EpiPen is the only FDA-approved epinephrine auto-injector covered by most insurance companies. Mylan patented the injector design so the alternative options are very limited, says Eghrar-Sabet. One cheaper, FDA-approved version called Auvi-Q had success until it was recalled in 2015 due to inaccurate dosage issues. Adrenaclick is another FDA-approved auto-injector, but it's hard to find and most insurance companies won't cover it so it's not much cheaper. The FDA actually made it illegal for pharmacies to prescribe Adrenaclick as a low-cost alternative to the EpiPen if patients couldn't pay.

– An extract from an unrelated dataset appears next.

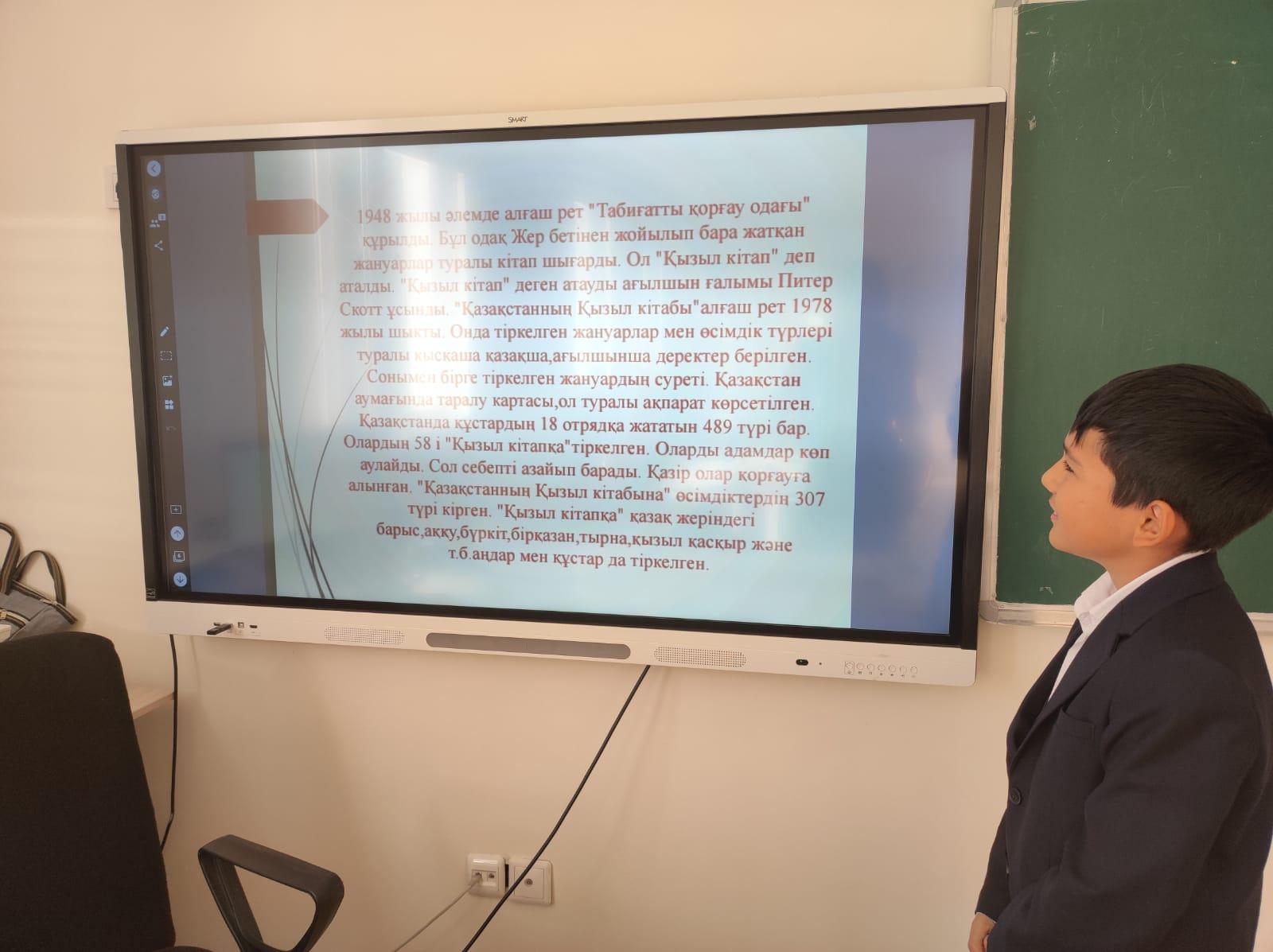 2022 жылдың 3-13 қазан күндері аралығында «№ 166 лицей» КММ-сінде қазақ тілі мен әдебиеті пәнінің онкүндік жоспары негізінде пән мұғалімі Лекимова Ш.Л. 13 қазан күні 5 «Г» сынып оқушыларымен «Қызыл кітап» тақырыбында ашық сабақ өтті. Сабақ барысында оқушылар «Қызыл кітап» туралы тереңірек түсінік алып, кітапқа енген жануарлар туралы ой бөлісті. Сабақтың басында WORDWALL қосымшасында сәйкестендіру әдісі арқылы оқушылар өткен бөлімді қайталады. «Қызыл кітап» туралы мәліметтерді ала отырып, диаграмма толтырды. Сабақты қорытындылау үшін «дұрыс-бұрыс» әдісі, кері байланысқа «еттартқыш» әдістері қолданылды.

"The last resort is a bottle of epinephrine and syringes to do it yourself, but this isn't FDA-approved and you also need to know how to draw up your exact dosage in the syringe and inject yourself, which is almost impossible to do if you're in the heat of anaphylaxis," says Eghrari-Sabet. It's really only a viable option if you happen to be a trained medical professional with an allergy.

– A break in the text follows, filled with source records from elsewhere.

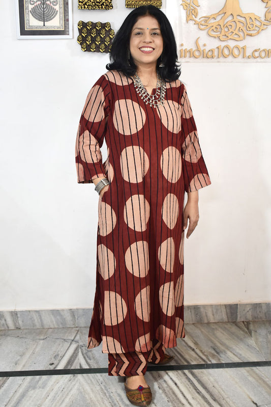 Elegant Ajrakh Organic Cotton Kurta and pant set - Sizes 38 - 44
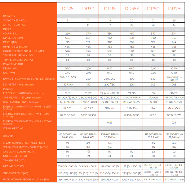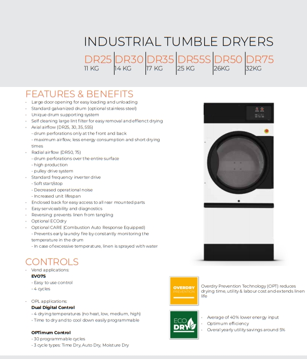La gamma di asciugabiancheria presenta un flusso d’aria concentrato e cerchi a cilindro sigillati per garantire il massimo utilizzo dell’aria e il risparmio energetico. Questa prestazione di asciugatura superiore aiuta le lavanderie a massimizzare la produttività.
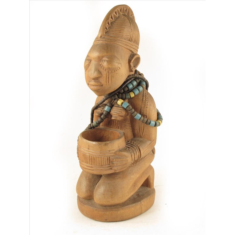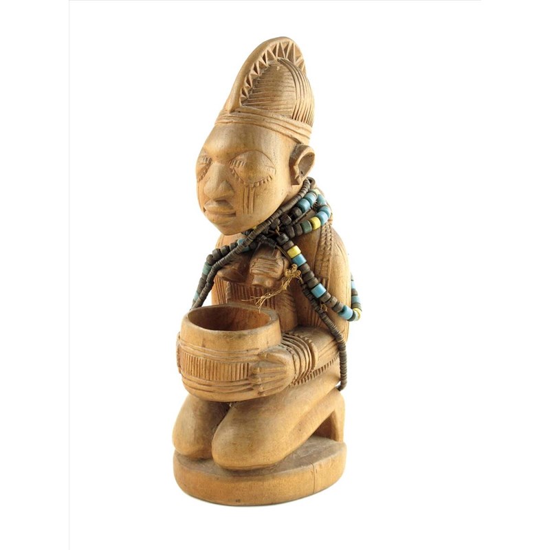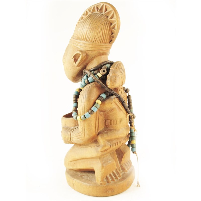 A Yoruba kneeling offering figure, with a child on her back and it's hands on her breasts, with beads, white inventory number 1, 13½in (34.2cm) high.

12. Become an advocate, and ask your state congressperson for EpiPens to get on the Preventive Drug List.

The Preventive Drug List outlines that certain preventive health benefits and prescription meds are exempt from your deductible in high-deductible health plans. If EpiPens are on the list, then federal rules allow you to pay zero copay or coinsurance at the pharmacy even if you haven't met your deductible.

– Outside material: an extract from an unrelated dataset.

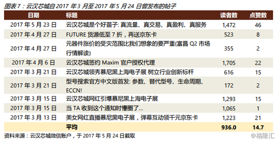 管理层可能会争论指科通芯城是一个 B2B 平台,不能以常识性的标准如读者数目来衡量。因此,为解决科通芯城的顾虑,我们亦总结了云汉芯城(显然同样是一个 B2B 平台)在微信发布帖子的情况:

"Congress has the ability to say that EpiPens need to go on the list because they are truly lifesaving and everyone who needs them should be able to get one," says Eghrari-Sabet. Even though writing a letter isn't a short-term solution, it's a great way to advocate for yourself as a patient and fight for federal laws that could make EpiPens free in the future. You can learn more by visiting the American Allergy Foundation of America or the Allergy and Asthma Network advocate information pages.

13. Finally, don't give up until you can get an EpiPen.

"My biggest fear is that this price change will cause people to think that the EpiPen isn't worth buying, or it isn't worth using if people think the reaction isn't serious enough or worth a $600 treatment," says Eghrari-Sabet.

The reality is, using an EpiPen is always worth it, because you may have no idea if a reaction is life-threatening until it's too late.

"You don't sit around wondering if you need an EpiPen when your throat is swelling up — you just need it," says Eghrari-Sabet. And patients should exhaust every single option they have until they can get the treatment they need.

BuzzFeed News has reached out to Mylan for comment.